Task goal – Skipping all images, output the listing word for word.

[The data Boundary: Start]

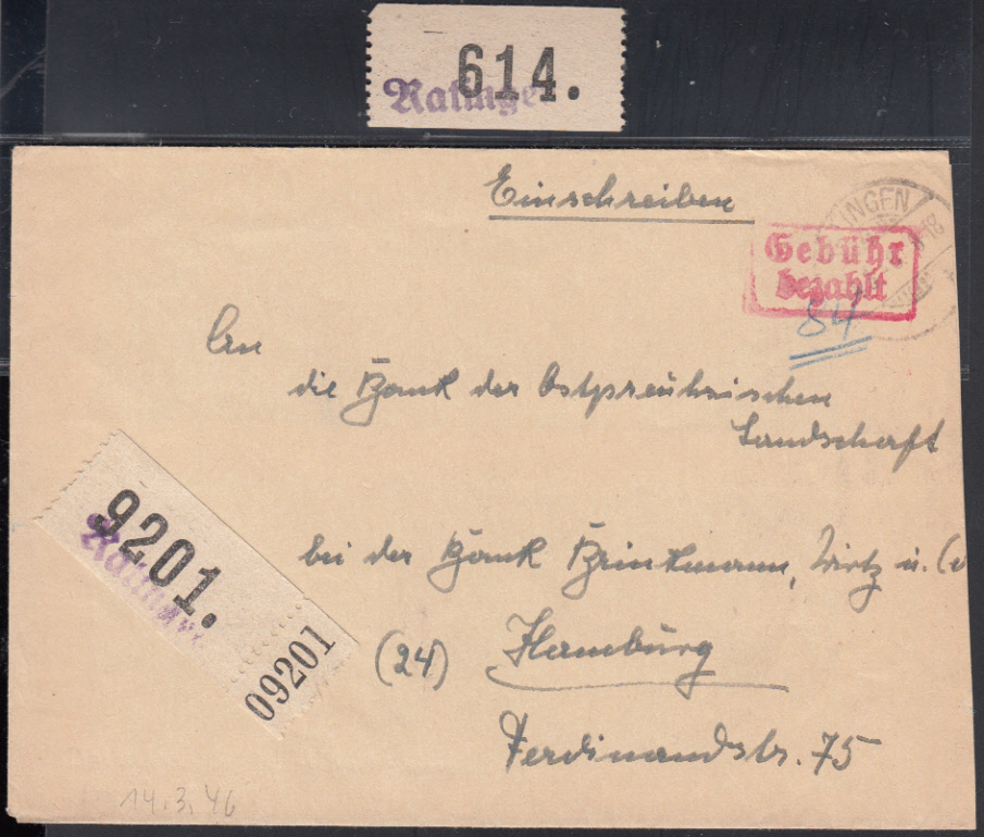 Nr. 38089 - - RATINGEN / 14.3.46 (?), Ebf. mit rotem R2 "Gebühr bezahlt" sowie Billett-Nummernzettzel "9201" mit violettem L1 "Ratingen", beigegeben entsprechender loser Zettel mit "614"
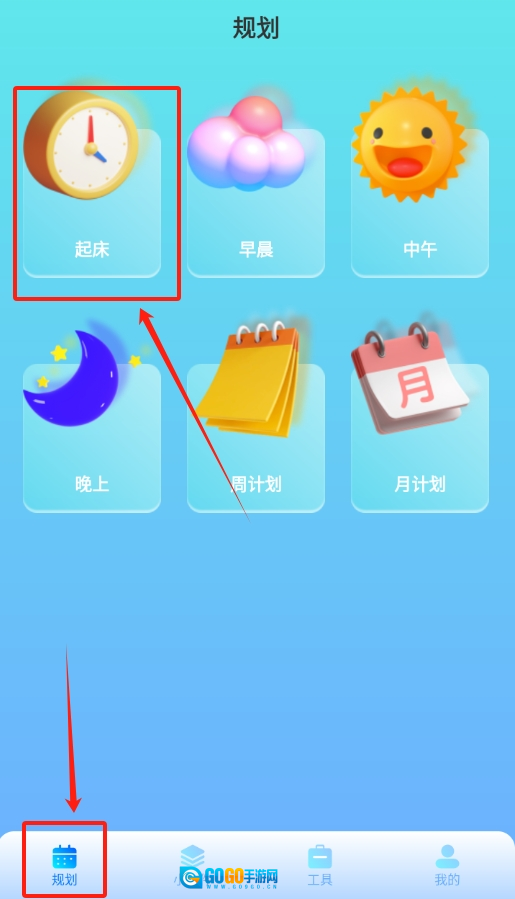 1、启动软件进入首页后,找到“起床”选项并直接点击进入。
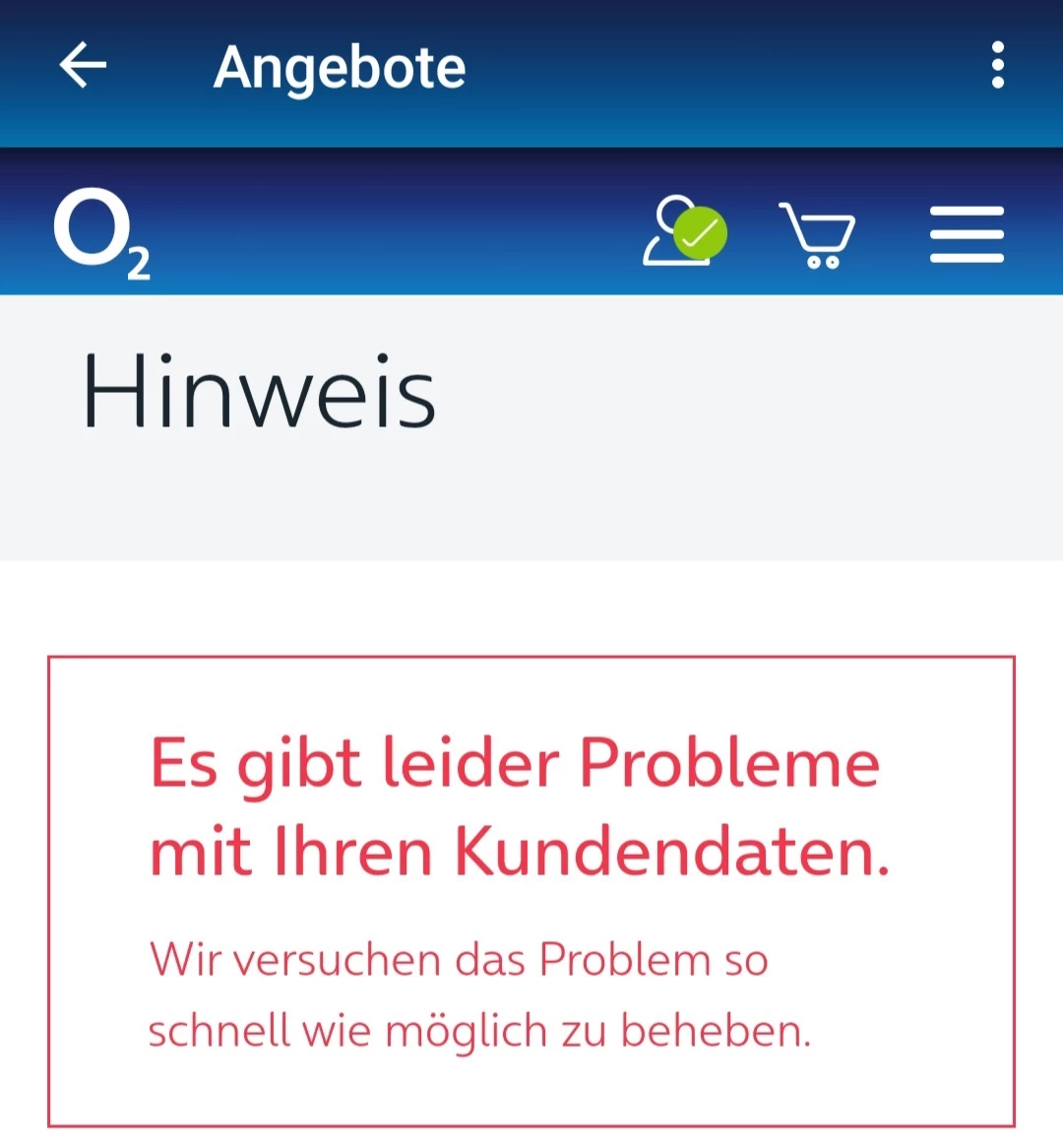 Hallo, wenn ich mir mein Angebot für die Vertragsverlängerung anschauen will, bekomme ich seit Wochen über den Browser und auch über die App folgende Fehlermeldung:

[The data Boundary: End]

Written answer –
 Nr. 38089 - - RATINGEN / 14.3.46 (?), Ebf. mit rotem R2 "Gebühr bezahlt" sowie Billett-Nummernzettzel "9201" mit violettem L1 "Ratingen", beigegeben entsprechender loser Zettel mit "614"
 1、启动软件进入首页后,找到“起床”选项并直接点击进入。
 Hallo, wenn ich mir mein Angebot für die Vertragsverlängerung anschauen will, bekomme ich seit Wochen über den Browser und auch über die App folgende Fehlermeldung:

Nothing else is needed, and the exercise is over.